┌──
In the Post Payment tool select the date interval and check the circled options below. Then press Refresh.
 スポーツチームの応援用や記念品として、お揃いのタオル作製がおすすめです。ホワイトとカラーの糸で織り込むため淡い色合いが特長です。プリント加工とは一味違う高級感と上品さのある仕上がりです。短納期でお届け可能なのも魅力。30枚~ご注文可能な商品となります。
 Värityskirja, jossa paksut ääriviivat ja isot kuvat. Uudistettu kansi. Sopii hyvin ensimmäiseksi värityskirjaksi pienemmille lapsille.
└──
┌──
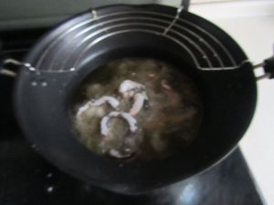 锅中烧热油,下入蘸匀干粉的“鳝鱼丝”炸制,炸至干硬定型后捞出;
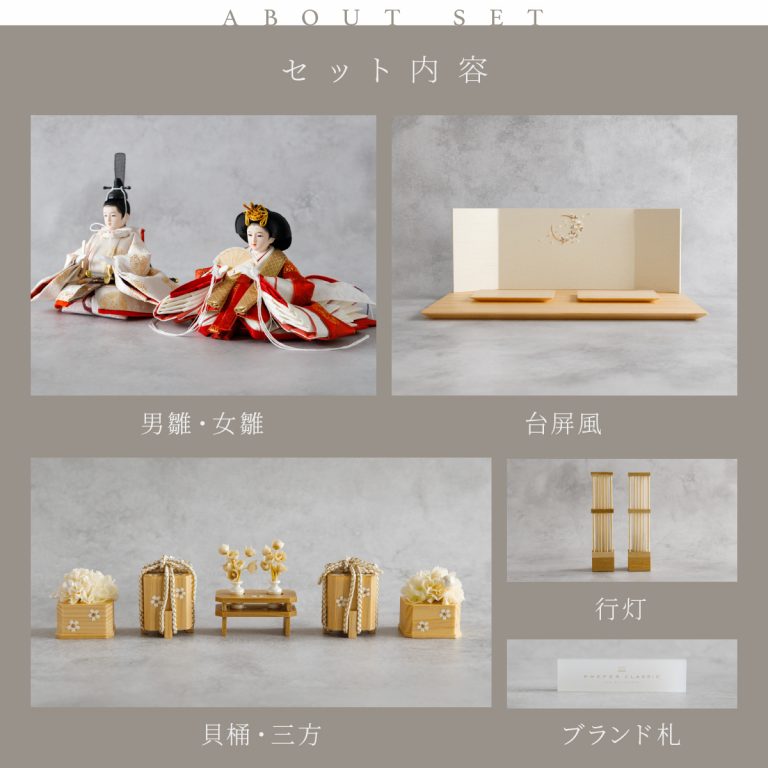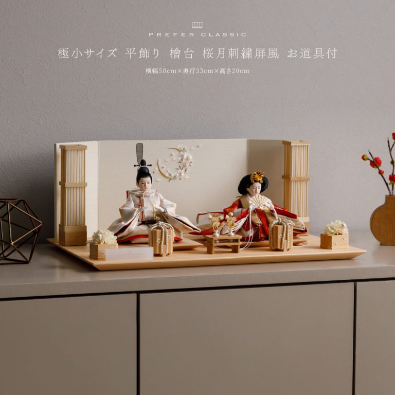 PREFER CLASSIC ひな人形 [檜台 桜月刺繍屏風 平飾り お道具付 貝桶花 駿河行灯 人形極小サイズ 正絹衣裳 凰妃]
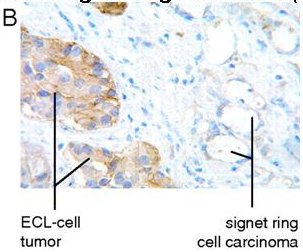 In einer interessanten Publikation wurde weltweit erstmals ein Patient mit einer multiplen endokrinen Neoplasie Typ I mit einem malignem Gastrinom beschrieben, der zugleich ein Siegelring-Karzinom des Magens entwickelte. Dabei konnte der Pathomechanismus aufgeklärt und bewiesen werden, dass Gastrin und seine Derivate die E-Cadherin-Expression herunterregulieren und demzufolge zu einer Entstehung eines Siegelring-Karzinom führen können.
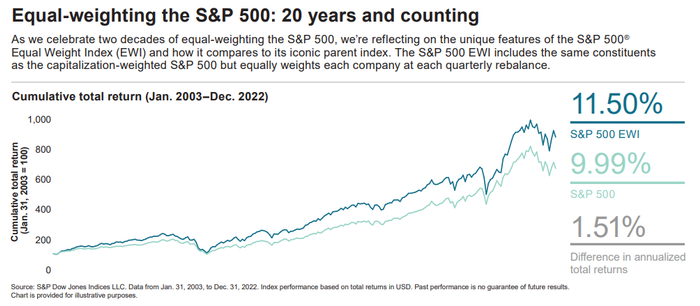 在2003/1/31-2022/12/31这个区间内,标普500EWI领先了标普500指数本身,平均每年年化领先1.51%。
└──
*PROBLEM TO WORK ON*
Take from the material above the lines running from the one with "スポーツチームの応援用や記念" through the one with "Värityskirja, jossa paksut", and repeat them exactly, with nothing else.

*SOLUTION TO THIS PROBLEM*
 スポーツチームの応援用や記念品として、お揃いのタオル作製がおすすめです。ホワイトとカラーの糸で織り込むため淡い色合いが特長です。プリント加工とは一味違う高級感と上品さのある仕上がりです。短納期でお届け可能なのも魅力。30枚~ご注文可能な商品となります。
 Värityskirja, jossa paksut ääriviivat ja isot kuvat. Uudistettu kansi. Sopii hyvin ensimmäiseksi värityskirjaksi pienemmille lapsille.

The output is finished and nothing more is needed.